НАДЯ: Инна, почему он не звонит?
ИННА: Денис? он никогда не звонит, и отвечает неохотно.
НАДЯ: Нет – Максим.
39. Сомненья Стаса
Ну, что вы присоветуете, добрые люди? Доверенность на имя высоконравственного Петра действительна, пардон, доколе жив высокоидейный Георгий. Обращаться к тяжелобольному с тем, чтоб составил еще и завещанье, бессовестно. А если Надежда сейчас примет дар и оформит право собственности, самозванец Максим начнет сживать ее со свету и всячески провоцировать – хотя бы неприкрытыми изменами, чтоб сама подала на развод. Чтоб сработал его дьявольский контракт. Ужас в том, что дурочка продолжает любить разоблаченного проходимца. Тот отсиживается в норе. Не знает, что Надюха крепко навернулась с платформы. Ждет, пока беглянка себя обнаружит. И ведь дождется. Девчонка полезет ему, крокодилу, в пасть, едва выздоровеет. Тьфу– тьфу, лишь бы выздоровела. Так или иначе, «муж» из бедняжки вытянет, на что глаз положил. Женщины, блин. Они всегда готовы принести последнюю жертву.
НАДЯ: Стас, я еще не знаю, как поступлю. Может, я скажу ему, как Кабирия на краю карьера – тебе нужна недвижимость? возьми.
СТАС: Лучшие кадры в мировом кинематографе – этот долгий проход по дороге всё потерявшей Кабирии. Идет, улыбается танцующим перед нею парням. Но ты не вставай в позу. Обойдется искусство без сильных сцен на твоих костях. (Некстати я упомянул про кости.) Ни шагу без моего приказа. Я тебя вытащу. Я еще его разведу на бабки. Он жох, да я не лох. Пока ходи разрабатывай лапу. Договорились?
40. Упорная во всем, и в заблужденьях тоже
У Нади пот капает со лба – третий месяц высокой температуры. Инна ушла на работу. Денис только-только задрых. Надя надевает старое Иннино пальто и по снежку бежит в поликлинику. Танцует там под музыку на ковре. Кричит: ура! рука поднялась! (В первый раз.) Как хорошо! скоро увижу ЕГО.
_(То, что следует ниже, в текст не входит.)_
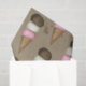 This design features a cute whimsical birthday ice cream, a watercolor pink sweet adorable custom, a happy birthday Neapolitan flavour, a pink cream ivory brown stripes, a festive fun creative dessert birthday, a stylish trendy pattern, a festive confetti sprinkles watercolor, with a creative unique typography cute design, for birthday party gift wrap wrapping, a birthday wrapping supplies

Я: Надя! а кто тебя запер на даче?
НАДЯ (до нее не доходит): Мы опять поедем на Кипр.
Я: Скатертью дорога. Вон аэропорты уже взрывают.
Надя отмалчивается. А февральская лазурь лазурит вовссю.
41. Отыскалась наконец
Инна со мной в заговоре: провожает меня до дверей Георгиновой хрущевки.
ИННА: Ну да, Надьку еще ветром шатает.
Открываю дверь своим ключом. Евгения заключает меня в объятья. Ну, нашлась, глупышка. Мы решили тебя не разыскивать. Дать тебе время самой одуматься. Привыкай потихоньку быть замужем.
Мне больно руку. Я высвобождаюсь, сажусь на свою постель. Начинаю сбивчиво рассказывать свекрови, как я поломалась. Она качает головой: «Не надо никогда нарушать правил – до добра не доводит». Потом говорит вскользь: «Тебя разыскивал один человек… хотел передать какие-то документы от Георгия».
Я (незримо присутствую, нашептываю Наде): Врет! это не через них.
НАДЯ (отмахивается от меня-незримой): Нет, никто не звонил. (Евгения встает с разочарованным видом и ныряет в свой портрет, будто идущий на посадку самолет – в свою тень).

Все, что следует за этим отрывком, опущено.